## WHAT YOU ARE ASKED TO DO
Exact copy, pictures excluded: output the lines from the opening of the entries through the line bearing "ลักษณะอากาศทั่วไป พยากรณ์อากาศ 24".

## INPUT DATA
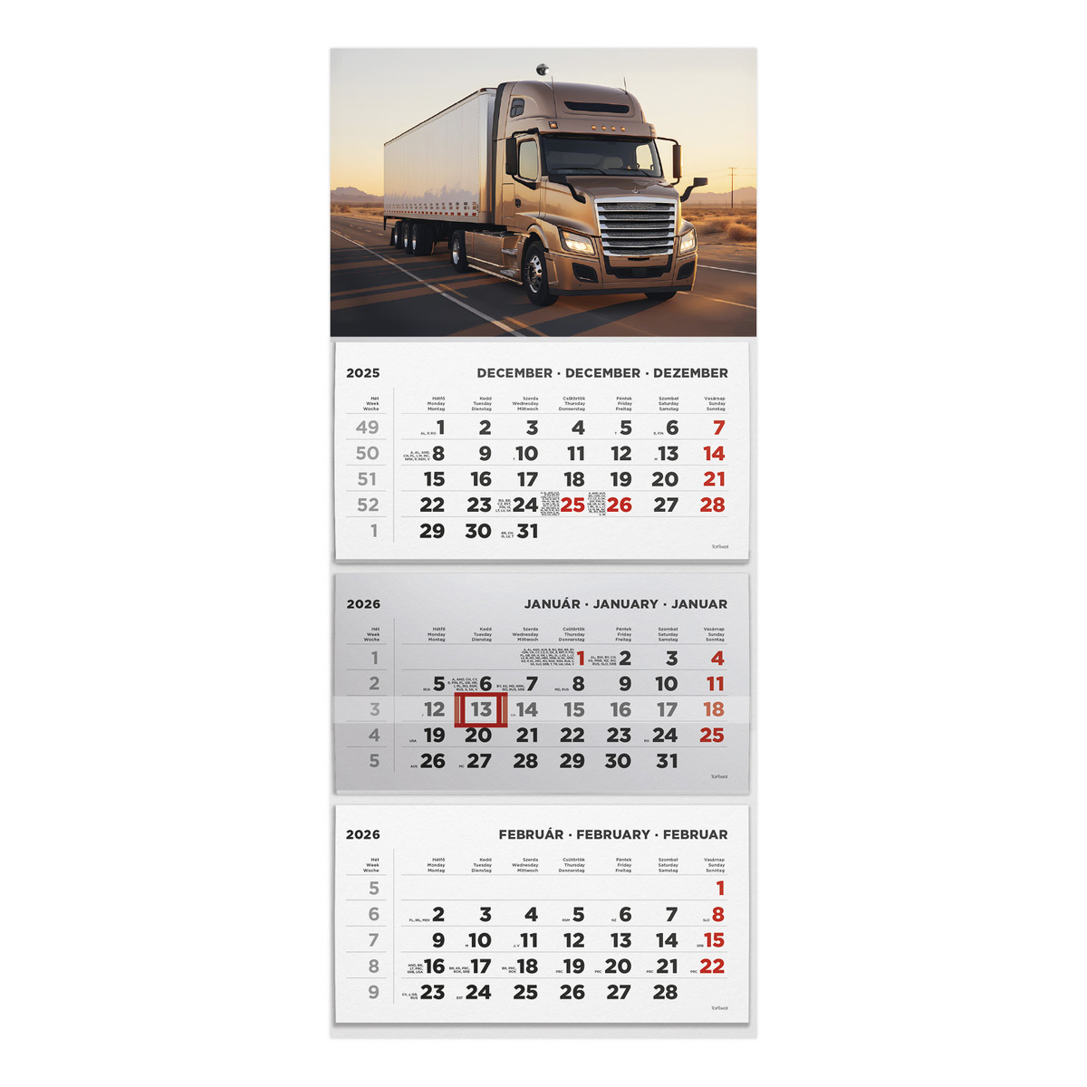 T074, 3 tömbből álló 3 havi speditőr naptár - Kamion fejrésszel
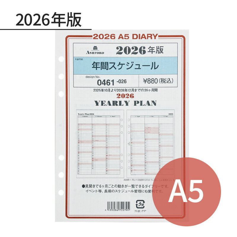 ASHFORD 2026年 システム手帳リフィル A5 年間スケジュール 0461-026・・・
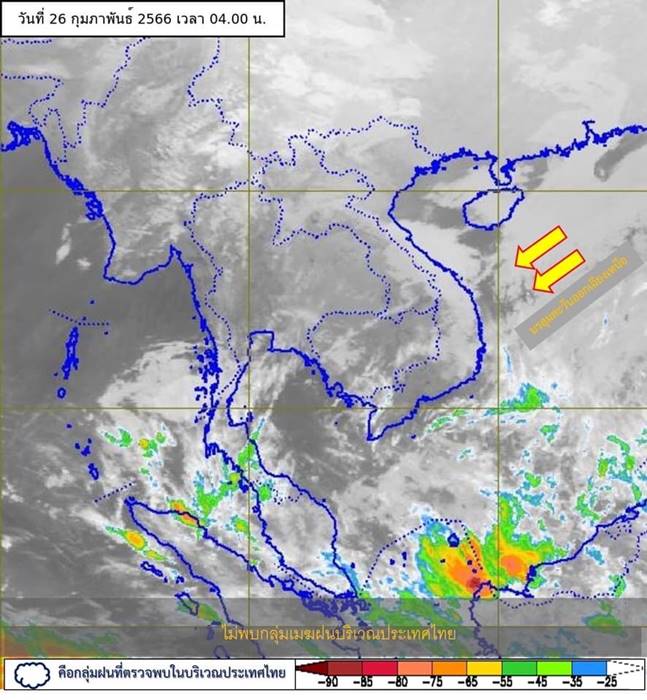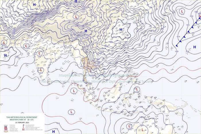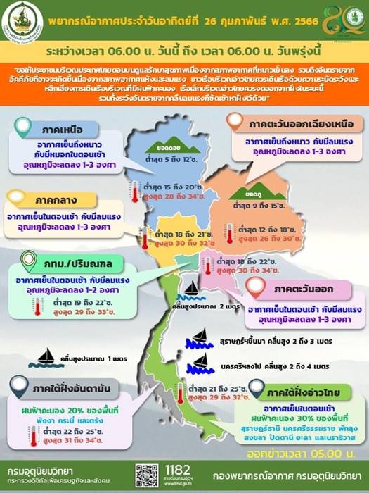 ลักษณะอากาศทั่วไป พยากรณ์อากาศ 24 ชั่วโมงข้างหน้า บริเวณความกดอากาศสูงหรือมวลอากาศเย็นกำลังแรงจากประเทศจีนปกคลุมประเทศไทยตอนบน ลักษณะเช่นนี้ทำให้ประเทศไทยตอนบนมีอากาศหนาวเย็นลงกับมีลมแรง และอุณหภูมิจะลดลงอีก 1-3 องศาเซลเซียส โดยภาคเหนือและภาคตะวันออกเฉียงเหนือมีอากาศเย็นถึงหนาว ส่วนภาคกลางรวมทั้งกรุงเทพมหานครและปริมณฑล และภาคตะวันออก มีอากาศเย็นในตอนเช้า ขอให้ประชาชนในบริเวณดังกล่าวดูแลรักษาสุขภาพเนื่องจากสภาพอากาศที่หนาวเย็นลง รวมถึงระวังอันตรายจากอัคคีภัยที่อาจจะเกิดขึ้นเนื่องจากสภาพอากาศแห้งและลมแรง
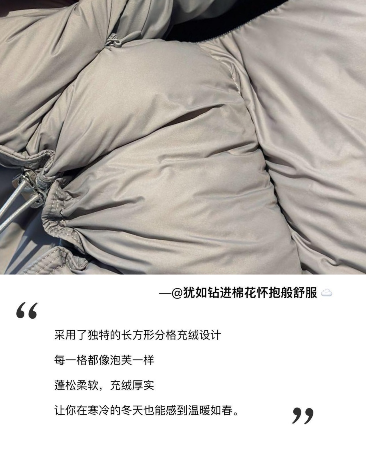 为解决钻绒痛点,工厂用了高密锁绒科技搭配防跑绒内胆,再辅以不沾绒缝制线与进口设备,针眼更细、走线更密,每一格都像饱满的泡芙般柔软挺括。既避免了绒朵卡在车线缝隙,又让保暖均匀持久,真正做到不跑绒、不钻绒、不结团。外层定制高密度面料,细腻顺滑且自带柔和光泽,抗皱保形又亲肤,触感绵柔,同时兼具防水防污特性,日常打理超省心!
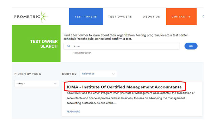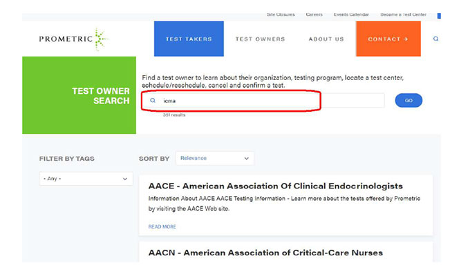 第二步、在 TEST OWNER SEARCH 處輸入相應的考試廠商,例如:ICMA 考生請輸入“ICMA”,SOA 考生請輸入“SOA”等,點擊”Go”。在操作時,請注意每一步的提示,和預約,更改,取消考試的注意事項。下面是一些基本操作步驟,見圖示2。
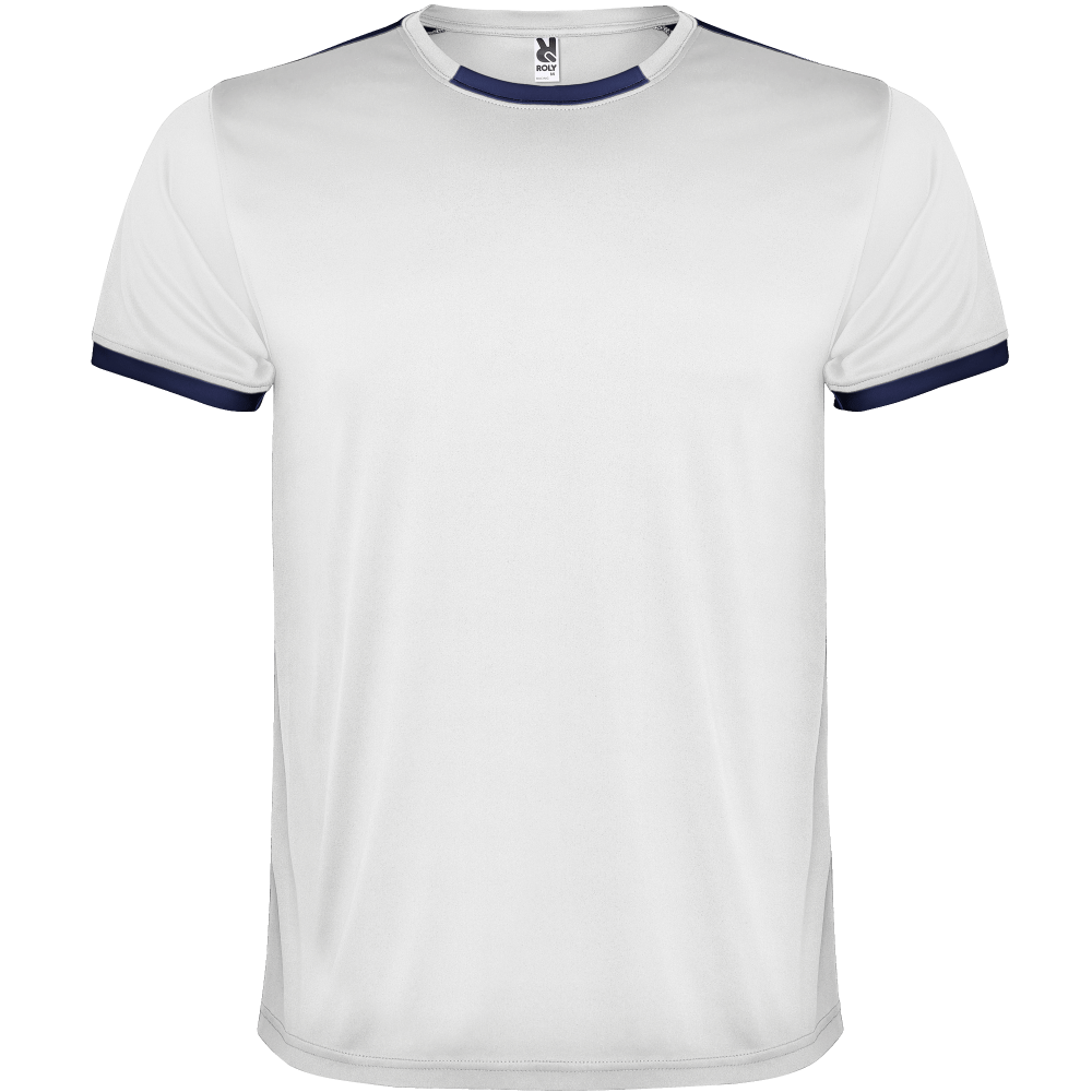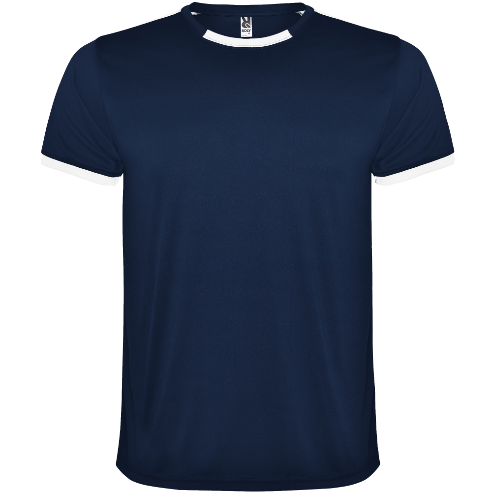 - Cuello redondo con ribete bicolor y con cubrecosturas reforzado en su interior
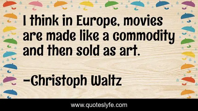 This page presents the quote "I think in Europe, movies are made like a commodity and then sold as art.". Author of this quote is Christoph Waltz. This quote is about art, think, like,.

## SOLUTION
 T074, 3 tömbből álló 3 havi speditőr naptár - Kamion fejrésszel
 ASHFORD 2026年 システム手帳リフィル A5 年間スケジュール 0461-026・・・
 ลักษณะอากาศทั่วไป พยากรณ์อากาศ 24 ชั่วโมงข้างหน้า บริเวณความกดอากาศสูงหรือมวลอากาศเย็นกำลังแรงจากประเทศจีนปกคลุมประเทศไทยตอนบน ลักษณะเช่นนี้ทำให้ประเทศไทยตอนบนมีอากาศหนาวเย็นลงกับมีลมแรง และอุณหภูมิจะลดลงอีก 1-3 องศาเซลเซียส โดยภาคเหนือและภาคตะวันออกเฉียงเหนือมีอากาศเย็นถึงหนาว ส่วนภาคกลางรวมทั้งกรุงเทพมหานครและปริมณฑล และภาคตะวันออก มีอากาศเย็นในตอนเช้า ขอให้ประชาชนในบริเวณดังกล่าวดูแลรักษาสุขภาพเนื่องจากสภาพอากาศที่หนาวเย็นลง รวมถึงระวังอันตรายจากอัคคีภัยที่อาจจะเกิดขึ้นเนื่องจากสภาพอากาศแห้งและลมแรง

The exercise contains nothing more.